The terminal managers have all of the specifics. I am an off-site manager without having seen these lots. The terminal managers should have most of the information you will need. If there is something that is not readily known by the TM they can contact me and I will get the answer for you.

Trevor


----------



## redman6565

TrevorsLawnCare;797863 said:


> The terminal managers have all of the specifics. I am an off-site manager without having seen these lots. The terminal managers should have most of the information you will need. If there is something that is not readily known by the TM they can contact me and I will get the answer for you.
> 
> Trevor


perfect. thanks.


----------



## Eyesell

Hey thanks for the lead Trevor !


----------



## got-h2o

I tried contacting the terminal near me and both #s direct me to their main customer service. I spoke with them and gave my info to pass along to the terminal manager via email. I have yet to hear from them. I'm going to keep on it b/c these are definately hoops worth jumping through. 

Has anyone else heard back from them or been given an opportunity to bid?


----------



## TrevorsLawnCare

got-h2o;800372 said:


> I tried contacting the terminal near me and both #s direct me to their main customer service. I spoke with them and gave my info to pass along to the terminal manager via email. I have yet to hear from them. I'm going to keep on it b/c these are definately hoops worth jumping through.
> 
> Has anyone else heard back from them or been given an opportunity to bid?

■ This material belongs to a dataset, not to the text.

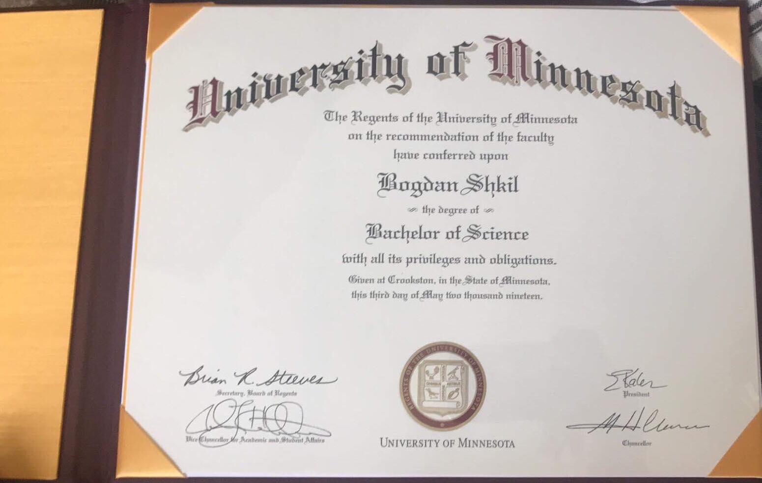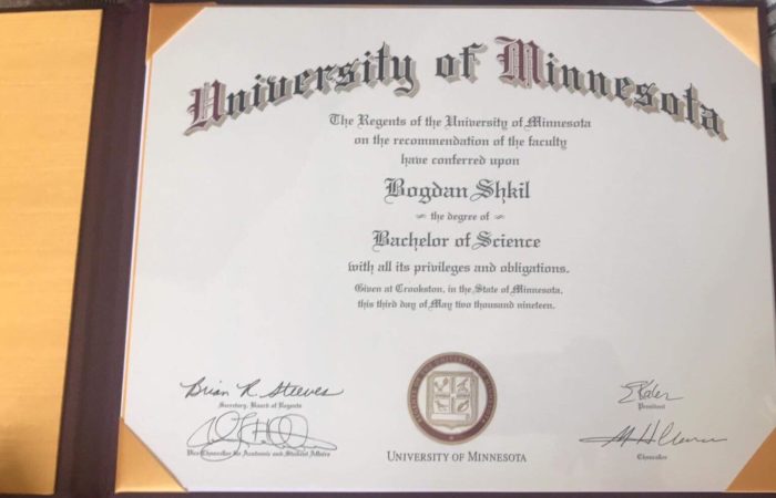 Anastasiia and Bogdan transferred to study at the University of Minnesota Crookston (USA) after three successful years at our university. During the academic year they passed the necessary subjects and received diplomas from the University of Minnesota.

Its unlikely your information will make it to the TM. (just the way things work in the corporate world). If you call 586-939-7000 and ask Lisa (the Operator) to transfer you to the specific terminal, she will. You must identify yourself as a snow vendor though. If you have problems with terminal managers call the above number and ask to be transferred to me.

Trevor


----------



## got-h2o

I really appreciate it Trevor. If it helps at all, just to get familiar, I'm trying for branch #466. My company name is Clearwater Enterprises. 

I'm mobile right now, but will call once I'm back at the office. What are the hours I can call?


----------



## FFD133

got-h2o;800372 said:


> I tried contacting the terminal near me and both #s direct me to their main customer service. I spoke with them and gave my info to pass along to the terminal manager via email. I have yet to hear from them. I'm going to keep on it b/c these are definately hoops worth jumping through.
> 
> Has anyone else heard back from them or been given an opportunity to bid?

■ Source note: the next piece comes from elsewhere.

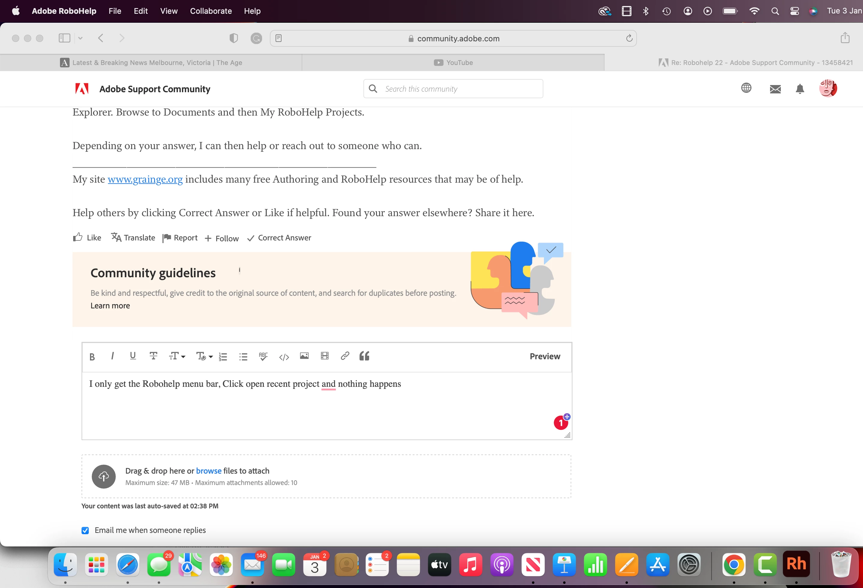I installed the Demo version on my M1 Macbook pro, and all was working well. I copied .htm files from a Flare project generated and viewed the project. Shut down and restarted my mac, and now I can't get RoboHelp to open any project. All I get is the Robohelp Menu bar and nothing else. Is this M1 vs Intel issue on the Mac? Any help is most welcome.

Call the number that Trevor gave you above and talk to Lisa. We had to do the same thing and she got us in touch with the TM for the Indianapolis branch, and we met up with him that same day to talk about the location and their requirements/expectations.

Thanks again for the info Trevor


----------



## mullis56

We just went to the branch and got in to see them. Thanks, Trevor.


----------



## Elite Property Services

Thanks for lead Trevor meeting with TM monday a.m.


----------



## irlandscaper

Ive called three times, get transfered and all the phone does is ring! Anything you can do here Trevor?


----------



## mullis56

Has anyone heard back on these that put in bids on the properties?


----------



## FFD133

Nothing yet here


----------



## kyle1710

I went to the one near me, but i didnt bid the job because the lot was in such bad shape


----------



## Elite Property Services

The lot near me that I bid on was also not in the greatest shape. I lost a couple of accounts so I will be having to deal with it if I get the job. SLOW,SLOW,SLOW


----------



## kyle1710

How did you bid that lot? Did they ask for a seasonal rate or a per push rate?


----------



## Elite Property Services

I am mobile right now but If I remember correctly it was seasonal with the option for salt per terminal manager's request.


----------



## jjfinn

Has anyone here been awarded a contract with them?


----------



## snowman55

have not heard anything yet. Trevor do you know when they decide? I have a oct 1 deadline for any new bus. have other truck lots very close. no big deal if i didn't get it but just trying to wrap up my routes


----------



## noplower

I wish i could have seen this thread sooner, I could have saved you all a lot of time. This guy is a fraud. He pulled the same stunt on lawnsite .


----------



## FFD133

He's not a fraud, at least this time, cause numberous people, including myself, have gone to the term managers and submitted bids to them personally!


----------



## mullis56

Agreed. Terminal Manager, met w/us and walked property and expectations, etc.


----------



## Elite Property Services

When I met with the TM he said that he would let me know either way very soon. But couldn't give me an exact date we will see what happens. I left the terminal feeling very positive it all helps.


----------



## TrevorsLawnCare

snowman55;809710 said:


> have not heard anything yet. Trevor do you know when they decide? I have a oct 1 deadline for any new bus. have other truck lots very close. no big deal if i didn't get it but just trying to wrap up my routes


I am working through the bids now. I am working my list from the most expensive terminal down to the least; in that order. This is a slow and tedious process as there is no uniform bid.  I am making sure I am comparing apples to apples to give everyone a fair crack at it.

Trevor.


----------



## mullis56

Sounds good!


----------



## kyle1710

Trevor,
I tried to fax in my bid, but the number is no longer in service. Is there a new fax number or should I just take it to the TM? He suggested that I fax it originally.

Thanks


----------



## TrevorsLawnCare

kyle1710;810269 said:


> Trevor,
> I tried to fax in my bid, but the number is no longer in service. Is there a new fax number or should I just take it to the TM? He suggested that I fax it originally.
> 
> Thanks


586-467-0114 Fax #.


----------



## DODGE-BOY

mullis56;809967 said:


> Agreed. Terminal Manager, met w/us and walked property and expectations, etc.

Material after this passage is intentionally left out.